This is very helpful when you have initiated a very big file download which got interrupted in the middle. Instead of starting the whole download again, you can start the download from where it got interrupted using option -c

Note: If a download is stopped in middle, when you restart the download again without the option -c, wget will append .1 to the filename automatically as a file with the previous name already exist. If a file with .1 already exist, it will download the file with .2 at the end.

5. Download in the Background Using wget -b

For a huge download, put the download in background using wget option -b as shown below.

$ wget -b http://www.openss7.org/repos/tarballs/strx25-0.9.2.1.tar.bz2
Continuing in background, pid 1984.
Output will be written to `wget-log'.

It will initiate the download and gives back the shell prompt to you.
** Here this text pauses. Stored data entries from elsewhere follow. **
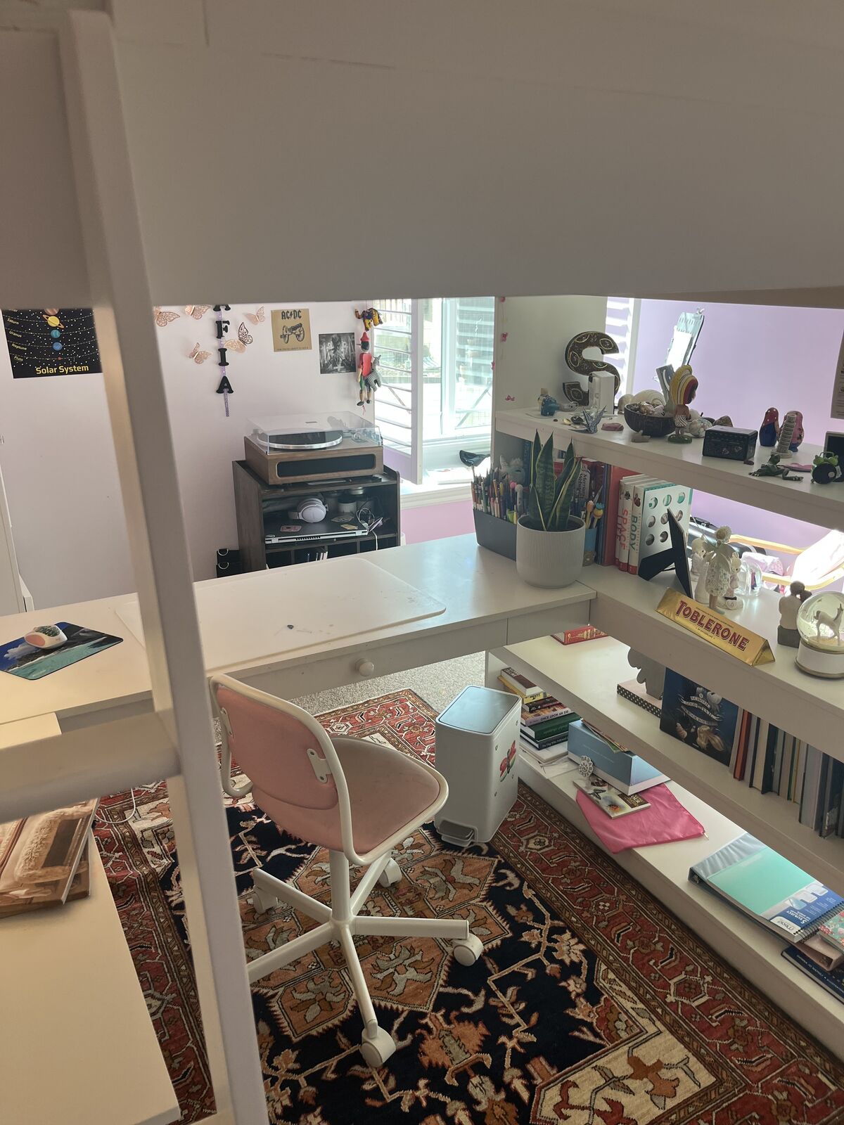 Mattress is included, which is in great condition and always had mattress cover and protector on, has shelfs, L shaped desk and drawer.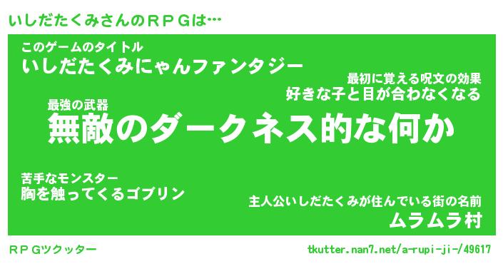 | ツイッター | いしだたくみさんのツイッターID『namakemono_idle』 |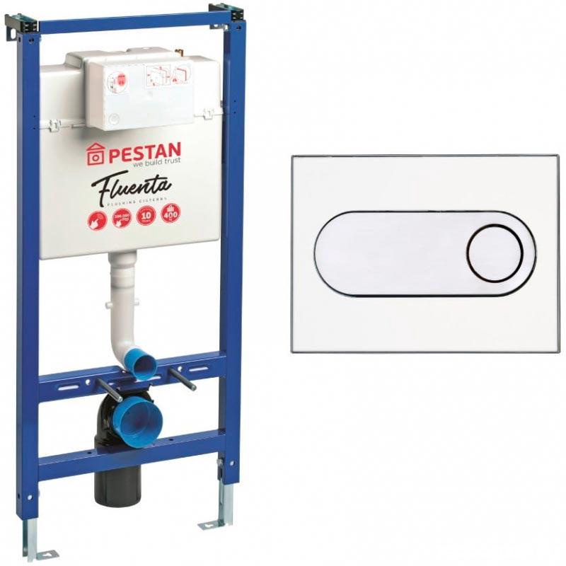 Комплект для установки подвесного унитаза, (застенный модуль, крепёж, панель 2-го смыва пластик Onyx, цв.БЕЛЫЙ), Pestan Fluenta ZZ

You can always check the status of the download using tail -f as shown below.

$ tail -f wget-log
Saving to: `strx25-0.9.2.1.tar.bz2.4'

     0K .......... .......... .......... .......... ..........  1% 65.5K 57s
    50K .......... .......... .......... .......... ..........  2% 85.9K 49s
   100K .......... .......... .......... .......... ..........  3% 83.3K 47s
   150K .......... .......... .......... .......... ..........  5% 86.6K 45s
   200K .......... .......... .......... .......... ..........  6% 33.9K 56s
   250K .......... .......... .......... .......... ..........  7%  182M 46s
   300K .......... .......... .......... .......... ..........  9% 57.9K 47s

Also, make sure to review our previous multitail article on how to use tail command effectively to view multiple files.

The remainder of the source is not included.